----- MATERIAL PROVIDED -----

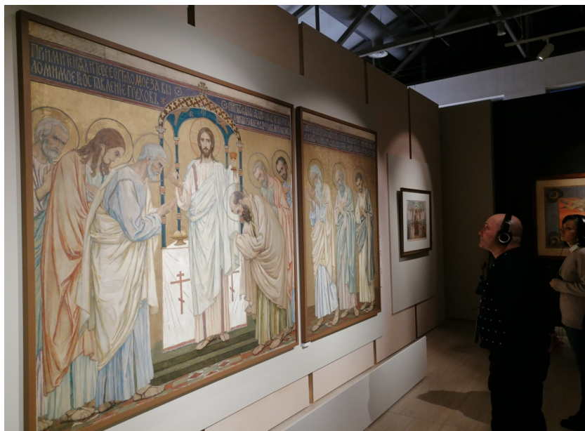
Рис. 11. Васнецов В.М. Евхаристия. Оригинал для мозаики Собора Св. Александра Невского в Варшаве. Fig. 11. Vasnetsov, V. M. The Eucharist. Original design for the mosaic at St. Alexander Nevsky Cathedral in Warsaw.

синий и фиолетовые оттенки контрастируют с золотом фона, лица Иисуса Христа и апостолов молчаливы и задумчивы, авторский стиль художника в тщательном внимании к подобранным деталям и особенно выразительным глазам изображенных. Совершенно иначе смотрятся расположенные на противоположной стене эскизы для Георгиевского собора в Гусь-Хрустальном (1896–1904), для которых характерна незавершенность и легкость. Завершает зал оригинал для плащаницы, шитой шелками, для церкви Спаса Нерукотворного в селе Абрамцево (1901 г.), выполненный графитным карандашом, темперой с добавлением бронзовой и серебряной красок на бумаге, наклеенной на холст. Лаконичность, графичность и цветовые контрасты выделяют эту работу, однако образы двух серафимов в виде голов с крылами, парящих над телом Христа, вновь смотрятся несколько странновато.
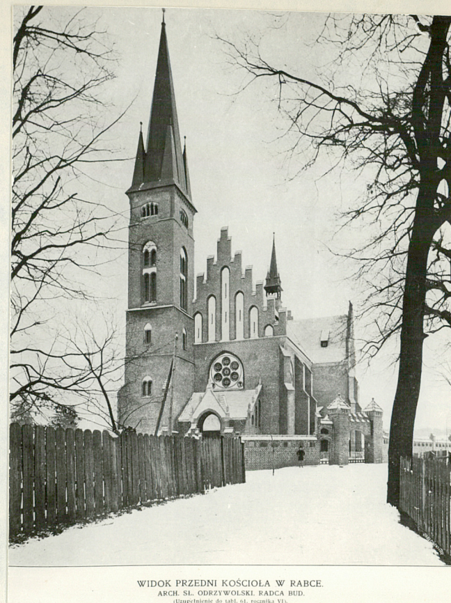
WIDOK PRZEDNI KOŚCIOŁA W RABCE. ARCH. SŁ. ODRZYWOLSKI. RADCA BUD. (Uzupełnienie do tabl. nr. rocznika VI.)
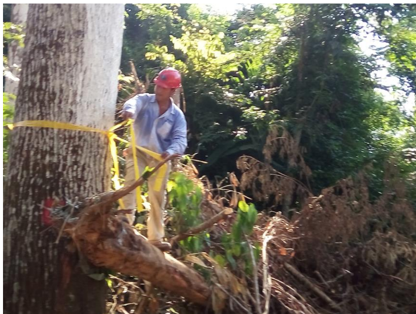
FOTO 1. El Autor realizando mediciones a un Castaño joven
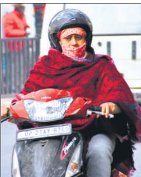
गर्म कपड़ों से खुद को ढंककर निकली महिलाएं।

दोपहर करीब दो बजे के बाद सूर्यदेव बादलों की ओट से झांकते दिखे लेकिन धूप में गर्मी नहीं थी। जिससे वह बेअसर रही। ठंडी

-----

◆ **YOUR ASSIGNMENT**: The reply should contain every line of the material exactly, and no images.

◆ **RESPONSE TO THE TASK**:
Рис. 11. Васнецов В.М. Евхаристия. Оригинал для мозаики Собора Св. Александра Невского в Варшаве. Fig. 11. Vasnetsov, V. M. The Eucharist. Original design for the mosaic at St. Alexander Nevsky Cathedral in Warsaw.

синий и фиолетовые оттенки контрастируют с золотом фона, лица Иисуса Христа и апостолов молчаливы и задумчивы, авторский стиль художника в тщательном внимании к подобранным деталям и особенно выразительным глазам изображенных. Совершенно иначе смотрятся расположенные на противоположной стене эскизы для Георгиевского собора в Гусь-Хрустальном (1896–1904), для которых характерна незавершенность и легкость. Завершает зал оригинал для плащаницы, шитой шелками, для церкви Спаса Нерукотворного в селе Абрамцево (1901 г.), выполненный графитным карандашом, темперой с добавлением бронзовой и серебряной красок на бумаге, наклеенной на холст. Лаконичность, графичность и цветовые контрасты выделяют эту работу, однако образы двух серафимов в виде голов с крылами, парящих над телом Христа, вновь смотрятся несколько странновато.
WIDOK PRZEDNI KOŚCIOŁA W RABCE. ARCH. SŁ. ODRZYWOLSKI. RADCA BUD. (Uzupełnienie do tabl. nr. rocznika VI.)
FOTO 1. El Autor realizando mediciones a un Castaño joven
गर्म कपड़ों से खुद को ढंककर निकली महिलाएं।

दोपहर करीब दो बजे के बाद सूर्यदेव बादलों की ओट से झांकते दिखे लेकिन धूप में गर्मी नहीं थी। जिससे वह बेअसर रही। ठंडी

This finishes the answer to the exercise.